Nature is essential to humanity. From the frozen polar regions and mountains, forests and grasslands, to oceans, rivers and wetlands, the earth’s ecosystems provide the keys to our existence, as well as habitats for the millions of plant and animal species with which we share this planet. Nature provides us with food, energy, medicines, and genetic resources. We rely on it for fresh air, clean water and healthy soils, and for protection against floods and storms. The landscapes where we make our homes provide spiritual inspiration and form the basis of our cultural identities. The land, the oceans and the world’s frozen places help regulate our climate.

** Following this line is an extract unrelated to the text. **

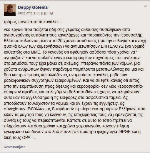Η έγκυρη τηλεκριτικός τιτλοφορεί το κείμενο που ανήρτησε στην προσωπική της σελίδα στο Facebook «τρόμος πάνω απο τα κανάλια….» και όπως τονίζει πρόκειται για ένα «νέο εργάκι που παίζεται ήδη στις γεμάτες αίθουσες συσκέψεων από ανησυχούντες ευπόληπτους καναλάρχες…
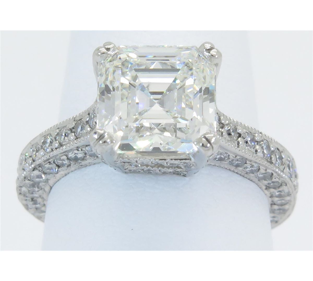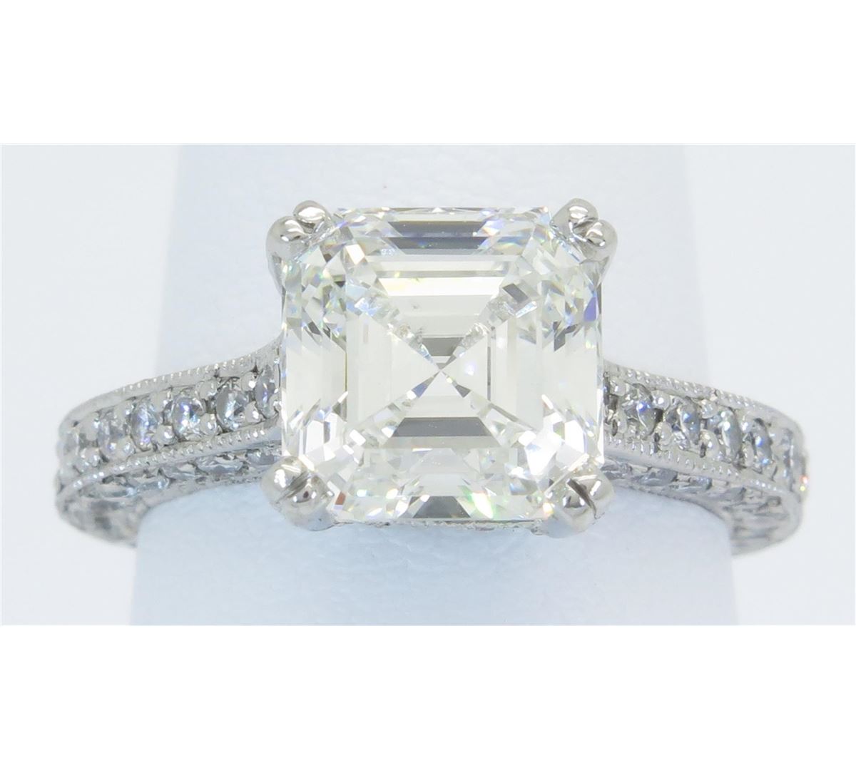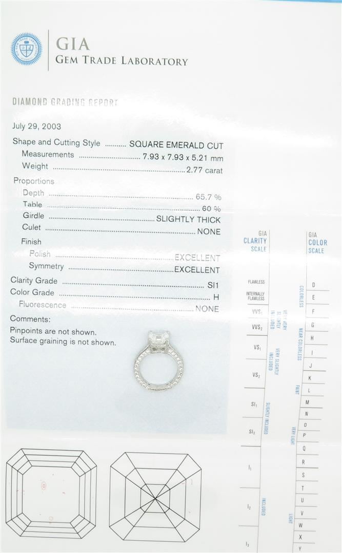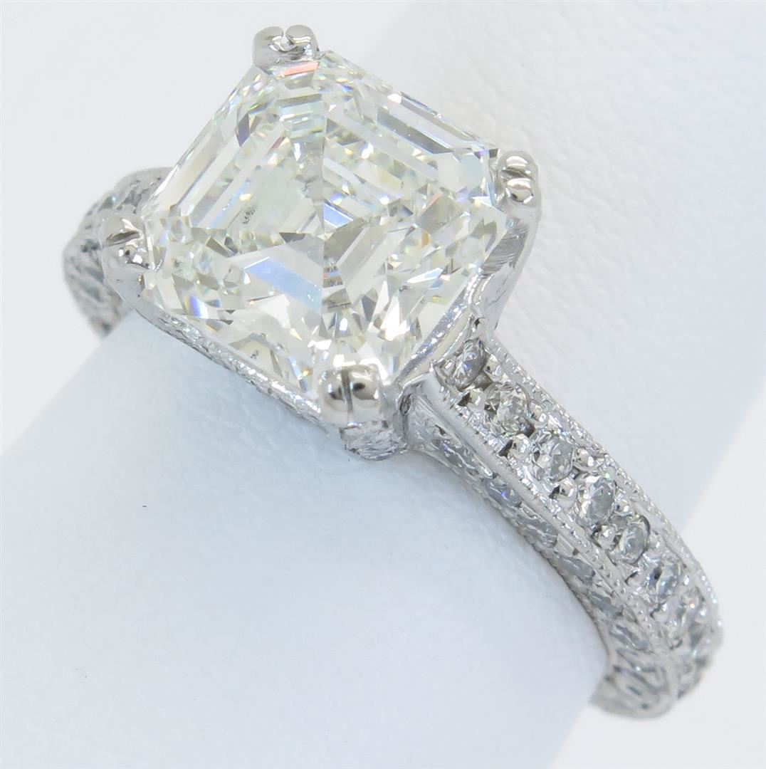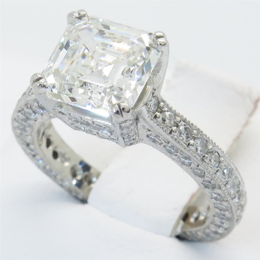 One tested platinum diamond ring. Containing: One GIA Certified Asscher Cut Diamond. Size: 2.77CT, Clarity: SI1, Color: H. 118 Round Brilliant Cut Diamonds. Approximate total diamond weight: 3.24CTW. All diamonds are graded in the mounting unless otherwise stated. Weight of ring: 7.6 grams, Size: 4.5. GIA Appraised.

Yet climate change is having irreversible impacts on nature. Frozen landscapes are melting, forests are burning, and coral reefs are dying — and the impacts are expected to get worse as temperatures rise to 1.5°C and beyond. Many of the activities that are currently central to human existence — agriculture, travel and energy — are directly driving the destruction of nature and contributing to climate change by unlocking the stores of carbon sequestered in the earth’s soil and vegetation. The loss, degradation and conversion of these landscapes is having a catastrophic impact on the plants and animals with which we share this planet.
The rapid deterioration of biodiversity and ecosystems that we are witnessing today underscores the fact that, for too long, nature has been a peripheral part of the climate conversation.
Nature is a critical ally in the fight against climate change. To have a chance of meeting the 1.5°C target adopted under the Paris Agreement, we need an energy system that is based upon sustainable renewable technology, to transform how we travel and what we eat — but that is not enough. We also need to put nature at the heart of our decision-making, and to usher in a future of healthy forests, clean water and vibrant oceans.
That’s why today at COP25 in Madrid we launched a new report, Climate, Nature and our 1.5°C Future. It connects the findings from four major recent scientific reports by the Intergovernmental Panel on Climate Change (IPCC) and the Intergovernmental Panel on Biodiversity and Ecosystem Services (IPBES). Between them, these reports highlight the systemic changes needed across energy, land (food and natural systems), urban and infrastructure (including transport and buildings), and industrial systems in order to limit global warming to 1.5°C, as well as drawing attention to the fundamental connections between nature and humanity.
Although not a negotiations topic, nature is forming a lot of conversations at this year’s COP25, and we’re seeing over 100 events on its invaluable role in tackling climate change alongside the major solutions including leaving fossil fuels firmly in the ground and cutting global greenhouse emissions to meet the Paris Agreement 1.5°C target. The outcome of these discussions will be key to the signal this COP25 sends to the world on raising ambition and addressing the climate crisis.
The impacts to nature described in these reports are playing out in real life. In August, more than 30,000 fire outbreaks were detected in the Amazon rainforest, with devastating impacts on the people and wildlife that live there. Hawaii recently suffered its third major coral bleaching event in six years. In February, the Australian government confirmed that climate change had claimed its first mammal extinction, the Bramble Cay melomys, a small rodent that lived only on a small island off Australia that was unable to survive the habitat loss resulting from rising sea levels.
We are not doing enough to prevent these changes. While nations have agreed to limit global temperature rise to below 1.5°C, actions to meet this goal are insufficient. Most pertinently for this report, nature remains undervalued and underutilised as a solution to both reduce emissions and adapt to the climate impacts that are already affecting communities around the world. By saving nature, we boost the chances of staying below 1.5°C while laying the foundations for lives that are happy, healthy, culturally enriched and socially connected. Which is why WWF is calling for a new deal for nature and people to put nature on a path to recovery.
The appetite for change is growing. Citizens are taking to the streets in their millions demanding decision-makers listen to the science.
It’s time to place our natural world at the heart of this conversation and fight for this future together.